João Ripper. Foto: Sandro Pereyra

El rescate de la dignidad

Un encuentro con el fotoperiodista João Ripper, y sus reflexiones sobre el periodismo, la fotografía y la realidad brasileña.

João Ripper, nacido en Río de Janeiro, se dedica a investigar los distintos caminos por los que la fotografía puede intervenir la realidad retratada. Hace poco, el Centro de Fotografía (CdF) nos sorprendió con La belleza del otro, una exposición que homenajeaba sus 30 años de trabajo documental, en la que se podía rastrear un claro interés del fotoperiodista por retratar la forma de vivir -o sobrevivir- de los olvidados: trabajadores rurales y sin tierra, indígenas, caucheros, habitantes de favelas o de quilombos (el nombre histórico en Brasil de las comunidades de ex esclavos negros), personas en condiciones de esclavitud, trabajadores de fábricas clandestinas, familias carboneras. De cada uno Ripper parece extraer una verdad y un realismo que duelen y que, en definitiva, logran arrebatar el alma de lo que registra con su cámara. Mañana, como última actividad en Montevideo, este carioca ofrecerá una charla a las 19.30 en la sede del CdF, en la que expondrá su concepción de la fotografía y el derecho fundamental de toda persona a informarse y difundir imágenes que reflejen su vida y su contexto.

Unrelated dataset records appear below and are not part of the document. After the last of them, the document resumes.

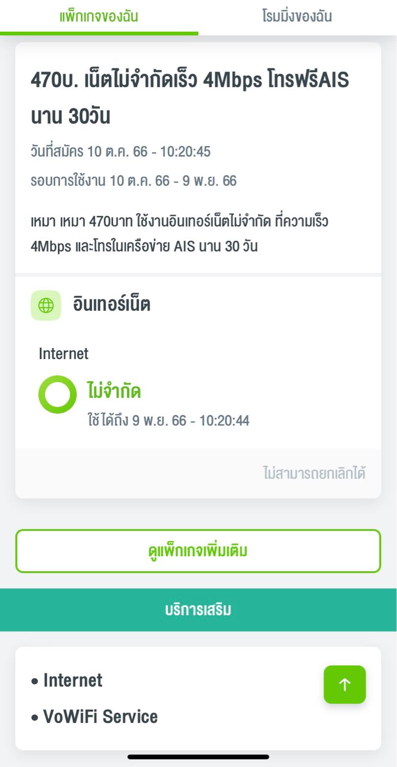 สอบถามหน่อยคับ ผมได้สมัครใช้เหมา เหมา เดือนละ 280บ.(รวม VAT) เน็ต 5G 25GB พร้อมเน็ตเร็ว 10Mbps และ AIS SUPER WiFi ไม่จำกัด หักค่าบริการทุกเดือน นาน 6 เดือน (กรณีมียอดเงินไม่เพียงพอในวันตัดค่าแพ็ก จะสา
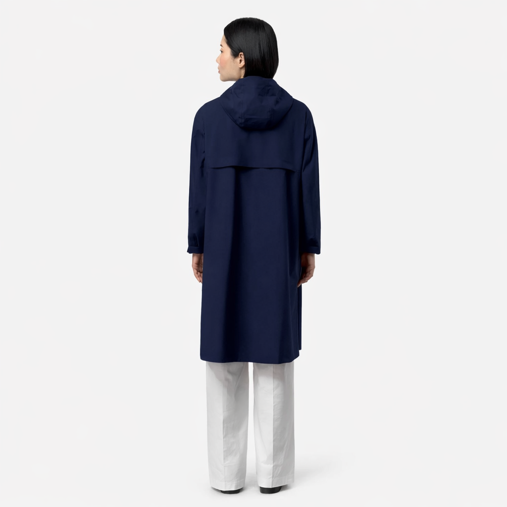 Tigrit ist ein langer, oversized Damenmantel, der sich ideal für die Übergangszeit eignet. Er besteht aus zwei Lagen: einem wasserdichten, winddichten und atmungsaktiven Stretch-Polyester-Außenmaterial, kombiniert mit einer isolierenden Membran und verschweißten Nähten. Die verstellbare Kapuze und der verdeckte Reißverschluss verleihen ihm einen eleganten, urbanen Look.
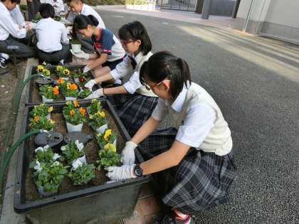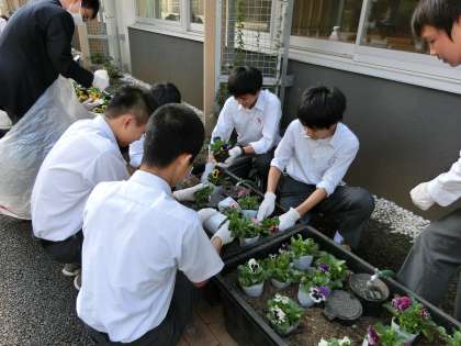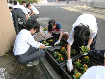 生徒会役員の呼びかけでボランティアが集まり、正門から中庭に向かう途中にあるプランターへパンジーの苗を植える活動を行いました。参加者は、主事さんたちのご指導のもと、和やかに作業を行っていました。

En ese sentido, el fotógrafo percibe el poder de la belleza en el retrato. De manera que buscar la belleza en todos los contextos, independientemente de la pobreza o el conflicto, “permite ver los sueños, los deseos, el amor, las tareas” cotidianas del otro. Así es como Ripper lucha, desde la fotografía documental, contra lo que llama la “historia única”, es decir, aquella que fija estereotipos sobre grupos de personas. Pero no se ha limitado al trabajo fotográfico: también creó la organización Imágenes Humanas, desde la que acompaña, más que nada, a las comunidades indígenas de Mato Grosso, a los afectados por la sequía en el terrible y maravilloso nordeste, y a grupos de mujeres que sobrevivieron a distintos contextos complejos. También fundó, hace más de una década, la Agencia-Escuela de Fotógrafos Populares, en el mayor complejo de favelas carioca (el Complexo de Maré), donde, junto con colegas, inició una labor de docencia de fotografía y creó una agencia de fotonoticias y un banco de imágenes, que son administrados por la propia comunidad.

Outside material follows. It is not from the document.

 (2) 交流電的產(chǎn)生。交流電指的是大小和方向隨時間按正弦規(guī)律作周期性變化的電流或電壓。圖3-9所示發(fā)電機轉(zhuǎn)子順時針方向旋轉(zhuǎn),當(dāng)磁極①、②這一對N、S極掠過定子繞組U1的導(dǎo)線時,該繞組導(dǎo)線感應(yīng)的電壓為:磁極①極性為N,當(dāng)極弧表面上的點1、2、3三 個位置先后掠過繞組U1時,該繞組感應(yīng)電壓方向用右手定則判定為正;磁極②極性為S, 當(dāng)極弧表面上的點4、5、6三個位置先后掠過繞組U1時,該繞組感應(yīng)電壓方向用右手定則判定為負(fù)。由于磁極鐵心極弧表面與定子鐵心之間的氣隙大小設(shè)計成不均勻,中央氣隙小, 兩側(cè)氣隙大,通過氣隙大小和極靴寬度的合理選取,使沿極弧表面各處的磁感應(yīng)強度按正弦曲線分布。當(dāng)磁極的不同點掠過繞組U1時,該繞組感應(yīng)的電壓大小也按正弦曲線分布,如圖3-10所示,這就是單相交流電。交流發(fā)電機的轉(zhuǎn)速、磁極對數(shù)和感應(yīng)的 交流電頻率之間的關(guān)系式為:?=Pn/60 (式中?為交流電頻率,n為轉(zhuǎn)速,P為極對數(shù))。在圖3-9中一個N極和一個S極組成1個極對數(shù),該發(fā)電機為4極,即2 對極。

-¿Cómo se aproximó a la fotografía?

-Por un amigo. Yo tendría 18 años, y comencé a sacar fotos y hacer el revelado con él. Pero a mí ya me gustaba salir a sacar fotos por las calles y la ciudad, y conocer las historias de las personas. La gente siempre me interesó, y creo que fue por influencia de mi padre y de mi madre. Ella siempre invitaba a casa personas que necesitaban alimentos. Cuando llegaba, en la sala siempre estaba mi madre con distintas personas de la calle.

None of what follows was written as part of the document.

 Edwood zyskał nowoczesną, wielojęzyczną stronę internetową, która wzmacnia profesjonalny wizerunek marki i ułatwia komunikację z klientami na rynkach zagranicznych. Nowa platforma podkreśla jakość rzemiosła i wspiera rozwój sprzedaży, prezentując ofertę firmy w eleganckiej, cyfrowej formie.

-Después de trabajar en distintos medios, fundó la agencia AF4, un movimiento importante del sector independiente, a la que se sumaron muchos fotoperiodistas de los grandes medios.

-Todos comenzamos en distintos periódicos. Había un movimiento fotográfico que comenzaba a preguntarse acerca de los caminos que nosotros mismos podíamos crear, para escapar de los periódicos. Cuando se realizó la campaña por elecciones presidenciales directas [1984-1985] yo trabajaba en O Globo, pero con este grupo de fotógrafos nos reuníamos y decidíamos ir a las manifestaciones con dos cámaras: una, la nuestra, con la que registrábamos todo, y la otra, que pertenecía al diario, con la que sólo sacábamos a la multitud, porque no queríamos que eligieran una foto con gran angular que pudiera tener un vacío aislado, que pudiera disminuir la intensidad de la manifestación. Tuvimos mucho éxito con eso. Nos reuníamos con los sindicatos todos los miércoles, y discutíamos mucho acerca de la necesidad de un pago mínimo, acerca de la lucha por los créditos en las fotos y acerca de estos nuevos caminos posibles.

-¿Aproximándose al modelo de periodismo que busca transformar la realidad y no, simplemente, reproducirla?

-Sí, claro. Además de la lucha por los salarios, las tablas de precios mínimos para los freelancers, la lucha por la gestión ética, y por cómo podíamos hacer para ser éticos en los periódicos, sobre todo si estos no respondían a la transformación social. Se implantó un cambio muy importante en la fotografía brasileña. En ese momento comenzaron a crecer los fotógrafos independientes, y entre ellos, las agencias independientes.

-En sus 40 años de carrera, ¿cuáles fueron los cambios más significativos que percibió en la fotografía brasileña?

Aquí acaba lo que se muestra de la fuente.